Check public mysql, load if not present and recheck:

hgsql -h genome-centdb -Ne "SELECT * FROM liftOverChain WHERE fromDb = '$db' OR toDb = '$db'" hgcentral 

Example: hgsql -h genome-centdb -Ne "SELECT * FROM liftOverChain WHERE fromDb = 'manPen1' OR toDb = 'manPen1'" hgcentral

hgsql -h genome-centdb -e "LOAD DATA LOCAL INFILE 'chain.dev' INTO TABLE liftOverChain" hgcentral

RR: checkMetaData

After completing copyHgcentral steps, run checkMetaData.csh $db

  • This checks that all of the metadata is the same on hgcentraltest, hgcentralbeta, and hgcentral.
  • Run this script in a temporary folder or hive; it creates some comparison files that can be deleted after the check.


RR: Check all tracks on the RR

Check your track on the RR. Check that searches work (if not, you probably need to push the hgFindSpec_public table). Also check that all default tracks still display. If you filled in the "Release Log URL" field in the push queue, check the next day to be sure that the link from the release log works as expected.

Beta: Turn on GenBank updates

  • Once your assembly is listed in align.dbs, turn on GenBank updates on the rr before 4:30 p.m.
  • Add the new assembly to ~/kent/src/hg/makeDb/genbank/etc/rr.dbs in alphabetical order.
  • Be sure to save, git add, git commit, and git push the file.

Beta: GenBank updates: make libs & run make

After committing the change, make sure your libs are up to date:

cd ~/kent/src ; make libs

then go ahead and run the make:

cd ~/kent/src/hg/makeDb/genbank/ 
git pull 
make install-rr install-server


RR: GenBank updates: check Genbank update times

To see whether updates have run (at least a day after the *.dbs files were updated), check the update times of the table 'gbLoaded'.

hgwdev > updateTimes.csh $db gbLoaded verbose

For example, you'll see updates for dev/beta/rr/euro/asia):

updateTimes.csh manPen1 gbLoaded verbose

ADD EXAMPLE OUTPUT HERE

The update times will be out of sync between machines, but not by more than 24 hours or so if updates are running. The gbLoaded table will be updated regardless of whether changes to other GenBank tables were picked up. More genbank update instructions are available at Genbank updates.

The etc-update-server part of the make will cause the downloads mentioned below in the "Verify downloads" section to be created.
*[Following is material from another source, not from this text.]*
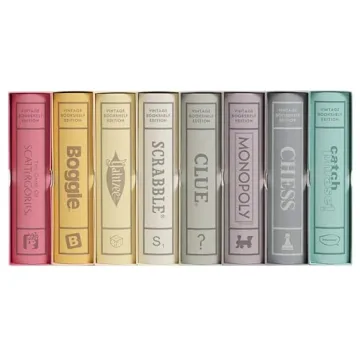 Show more Bring the joy of classic gaming into your living space with the WS Game Company Collection of 8 Vintage Bookshelf Edition Board Games. This exquisite collection includes crowd favorites like Scrabble, Monopoly, Clue, Yahtzee, Catch Phrase, Chess, Scattergories, and Boggle, all presented in a beautifully designed bookshelf format. Each game is crafted with durable materials and covers that showcase vintage graphic designs inspired by their iconic editions. It’s not just a series of games; it's a stylish addition to your home that encourages family togetherness and game nights filled with laughter and strategy.

RR: hgCentral.dbDb, set 'active=1'

  • Go to hgcentral and see what the 'active' field is set to (0=not visible, 1 = visible for gateway assembly version drop-down.)
hgwdev > hgsql -h genome-centdb hgcentral
mysql > UPDATE dbDb SET active = 1 WHERE name = "$db";

RRs: Edit downloads.html

Check to see if the downloads files ought to have a link from downloads.html. If so, add the link and push downloads.html (after the files are already pushed!). NOTE: If you are pushing ENCODE tracks, when using a second/third/fourth version of the data there is often a "releaseLatest" directory that has the latest files. Be sure that you are not pushing the entire releaseLatest directory, only the files from there. Be sure to add a helpful sentence in your push-request to tip off the admin about this unusual push.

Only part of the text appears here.